Среди карателей, несших караул на мосту, был один украинец из восточной Галиции, по имени Грегор Федун. В свои двадцать три года этот парень богатырского сложения и младенческой души отличался силой медведя и застенчивостью девушки. В то время, когда его полк направили в Боснию, парень проходил срок своей службы. Он принимал участие в боях под Маглаем и на Гласинаце. Потом еще полтора года прослужил в разных гарнизонах восточной Боснии. Ожидая часа предстоящего увольнения, Грегор с грустью думал о возвращении в маленький галицийский городок Коломыю, под родительский кров, столь обильный малыми детьми при прочей скудости. Полк его был уже в Пеште, когда объявили набор добровольцев в отряд карателей. Солдат, прошедший Боснию с многомесячными боями, Федун был взят в Streifkorps сейчас же. И неподдельно обрадовался мысли снова увидеть незабываемые боснийские горы и городки, где он пережил тяжелые и славные дни. С гордостью и умилением парень рисовал себе лица родителей, братьев и сестер, когда они получат первые серебряные форинты, высланные им из завидного жалованья солдата карательного отряда. Счастливо избежав отправки в восточную Герцеговину, где шли затяжные и подчас кровопролитные схватки с восставшими, он получил направление в город на Дрине, а там вся служба заключалась в охране и патрулировании.

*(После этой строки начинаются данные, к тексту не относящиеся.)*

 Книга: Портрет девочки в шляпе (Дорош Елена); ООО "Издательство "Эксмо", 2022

Здесь он и провел всю зиму, часами топчась на мосту и согревая дыханием пальцы в морозные, безоблачные ночи, когда от стужи трескается камень, высветляется над городом небесный свод и крупные осенние звезды превращаются в мелкие злые огоньки. Здесь встретил он весну и уловил в воротах первые ее приметы: глухие, сдавленные взрывы лопающихся на Дрине льдов, от которых все нутро человека пробирает дрожью, и тонкий посвист народившегося ветра по ночам в голых лесах на горных кручах над мостом.

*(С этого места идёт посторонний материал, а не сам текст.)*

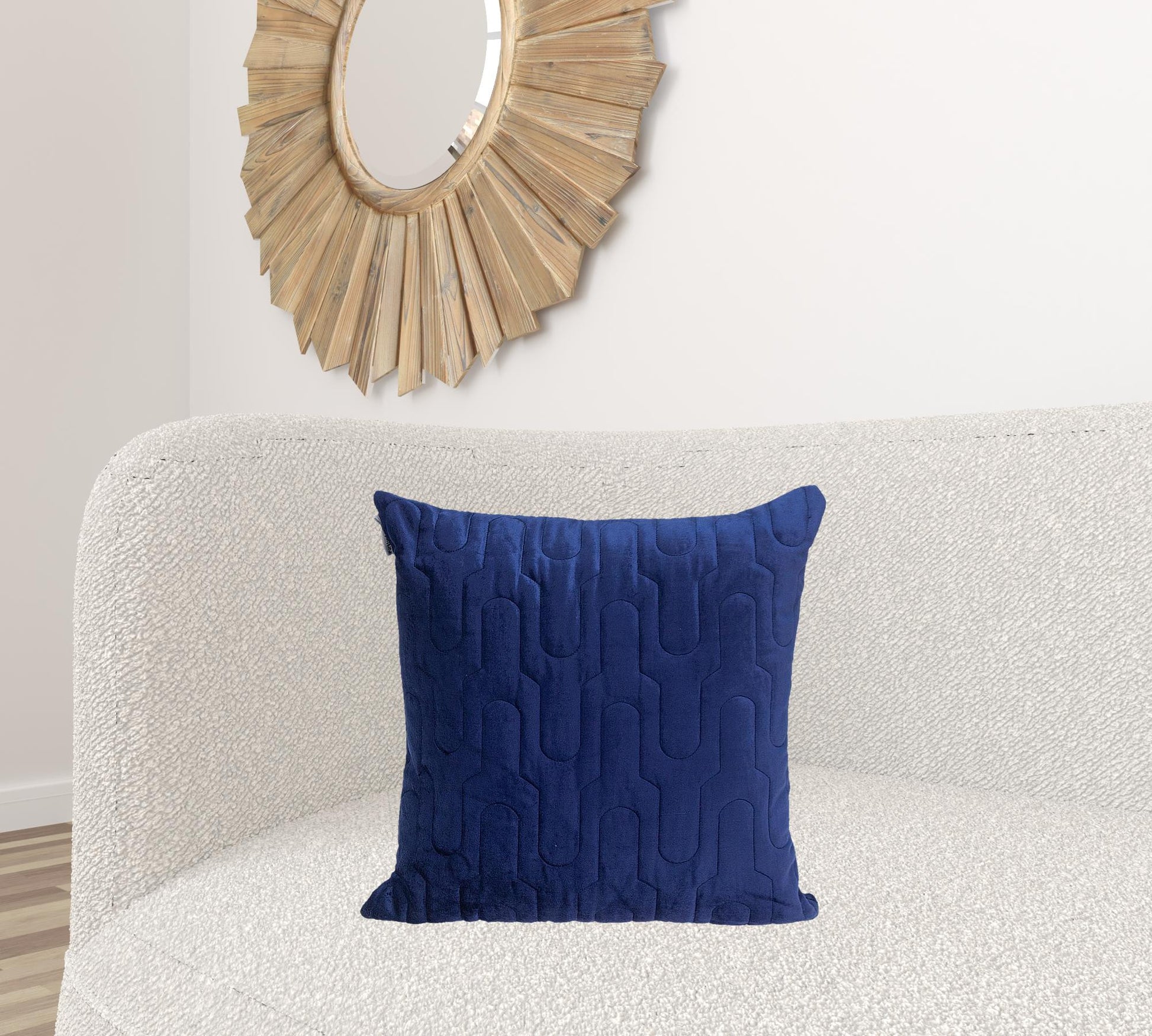 Create a stylish ambience with the Geometric Lush Quilted Blue Throw Pillow. Decorative tufted velvet adorns this luxurious reversible velvet pillow. Designed with a combination of viscose and cotton, this light, warm and fluffy piece with it's geometrical patterns adds a subtle appeal to your living space. Owing to it's bold color versatile feature this pillow can be placed in any corner of your home and develop a sense of character and comfort. A hidden zipper is neatly concealed with a flap making it functional for easy cleaning and restoring. 20" x 20" x 4"

Неся караул в свою смену, парень млел в предчувствии близкой весны, затоплявшей мир и все его существо, пробивавшейся из почвы и воды и путавшей в нем мысли и чувства. Стоя на посту, он перепел все малорусские песни, когда-либо слышанные им в родном краю. И песни эти, чем ближе к весне, все сильнее убеждали его в том, что на этом самом возвышенном и всеми ветрами продуваемом месте он будто бы кого-то ждет.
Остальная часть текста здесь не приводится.